In recent years the mapping of DNA-profiles has put a limit to far-flung identity speculation – while confirming some such fantasies. The Phoenicianism of Lebanon has passed laboratory tests. The country’s inhabitants, not only the Maronites who postulated the scheme for their own greater glory, are indeed closely related to their ancient countrymen. The Egyptian Pharaonism has been less triumphant under the microscope: today’s Egyptian genepool is more Arabic and more African than the Pharaonist Romantics liked to imagine. The issue, however, is no longer charged with meaning for contemporary intellectuals, and the only Egyptians who still cultivate their national and spiritual ties to the ancient Egyptian empires are the Copts. And, no less fascinating: the Palestinians are, by and large, Canaanites. The Jews, despite their long and winding route through centuries and countries, also are. Genetic evidence inexorably points towards an awkward conclusion: the Palestinians are the ex-Canaanite Jews who stayed on when others left, in spite of the Roman reprisals after the abortive revolts of 70 and 135 AD, and who later accepted Christianity and then Islam.

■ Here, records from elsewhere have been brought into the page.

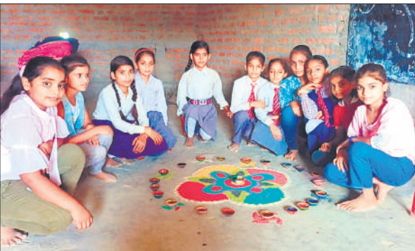
रंगोली बनाकर दीपावली का पर्व मनाती छात्राएं।

घटना के बाद परिजन और आसपास के लोग तुरंत उन्हें शाम 6 बजे सीएचसी कलान ले गए। प्राथमिक उपचार के बाद सभी घायलों को गंभीर स्थिति को देखते हुए आगे के इलाज के लिए बदायूं जिला अस्पताल भेजा गया। पुलिस ने मौके का निरीक्षण किया और घायलों की स्थिति जानी।
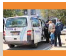
Opendeurdag politie HerKo op 29 mei
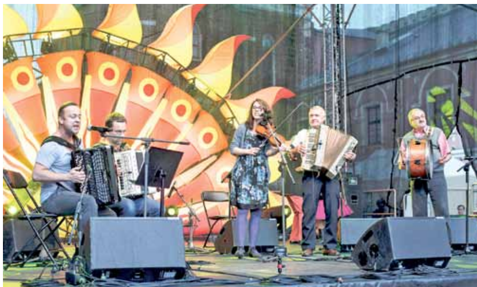
Kapela Dobrzelinacy zagrała na scenie w Lublinie z Czesławem Mozilem.
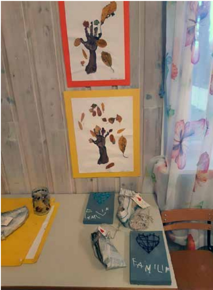
Barna på avdelingen Hebron laget kunst til Stefanus-kafeen.

har vi fine skogsterreng som vi bruker flittig – gjerne flere ganger i uka. På avdeling Hebron er barna ekstra ivrige på å gå lange turer. En dag gikk de faktisk gjennom skogen helt til avdelingen i Trømborg. Da var det fint å få leke på lekeplassen der og så bli hentet med bil av foreldrene på ettermiddagen.
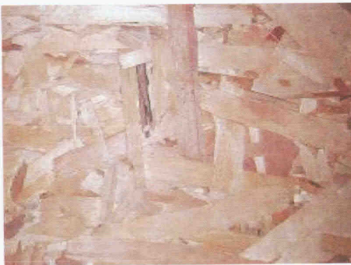
Obr. 8 Plošná struktura OSB desky

OSB desky (Oriented Strand Board / Oriented Structural Board) byly vyvinuty ve 40. letech dvacátého století v Německu, ale největšího rozšíření výroby dosáhly v USA. Vyvinuly se z desek Waferboard s plochými čtvercovými třískami délky max. 75 mm a tloušťky 0,5 mm (= wafers). OSB desky jsou velkoplošné desky z orientovaných velkoplošných třísek – pásků (= strands). Vyrábějí se nejčastěji třívrstvé, méně pětivrstvé. Krajiní vrstvy mají pásky orientovány rovnoběžně s podélnou osou desky, vnitřní vrstva (tvoří 50 % tloušťky) má pásky orientovány kolmo. Rozměry pásků jsou: délka 60-150 mm, šířka 5-15 mm, tloušťka 0,4-0,6 mm. Materiálem pásků jsou nejrůznější dřeviny: v USA je to převážně jižní borovice, tulipánovník, javor; v Kanadě je to hlavně topol; v Evropě jsou to zejména jehličnany – zvláště borovice. Lepidla se používají v tekuté (fenolformaldehydová) nebo v práškové formě (izokyanátová). Po nanesení lepidla se desky lisují za současného působení tepla. Hustota OSB desek je 600-800 kg/m 3 . Tloušťka desek se pohybuje nejčastěji v rozmezí 6 – 25 mm. Oproti dřevu rostlému a lepenému lamelovému, které se používají pro prvky nosné, OSB desky jsou užívány především jako prvky vyplňové a prvky zajišťující prostorovou tuhost konstrukce.
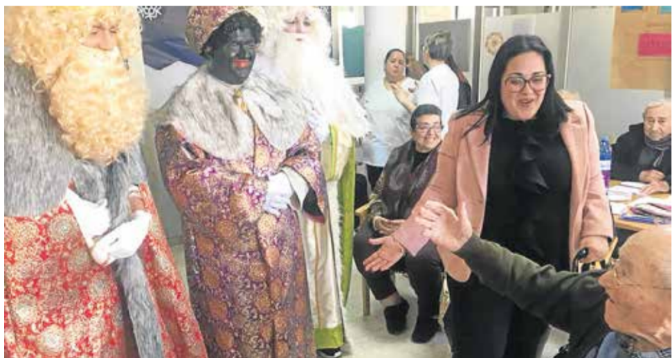
Los mayores se contagiaron de la magia de la Navidad
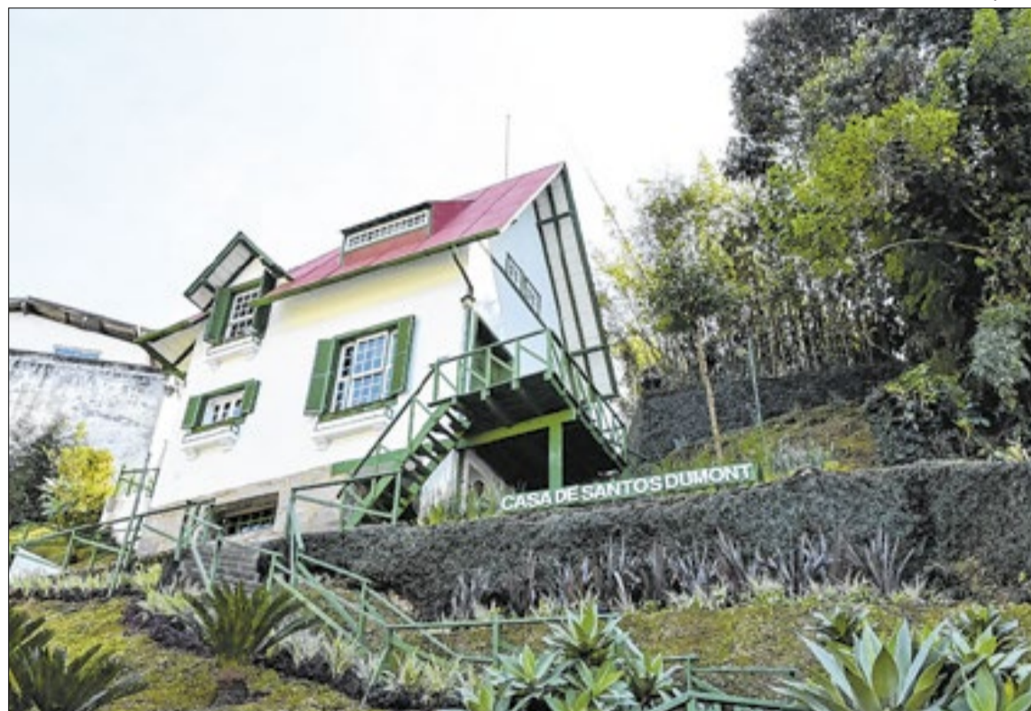
“A Encantada” foi uma residência de verão de Alberto Santos Dumont no Centro Histórico
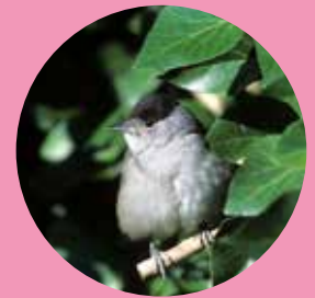
Fauvette à tête noire

As early as the 1920s, long before the discovery of DNA, anthropologists and travellers in the mountains around Hebron found a richness of words, habits, traditions and notions which could only be explained in one way: their ancestors had been Jews. In some of those villages there are still devout Muslim families who acknowledge this past. A modern democrat must reject blood-nostalgia. Rights and self-determination are universal ideals, worthier than the kinds of fable-making described in this article. But few Israelis and few Palestinians react with indifference when informed of this curious state of affairs. If the peoples do share a common origin it does cast an eerie light on the mutual atrocities, hatred and anguish that have dominated their lives for a good century.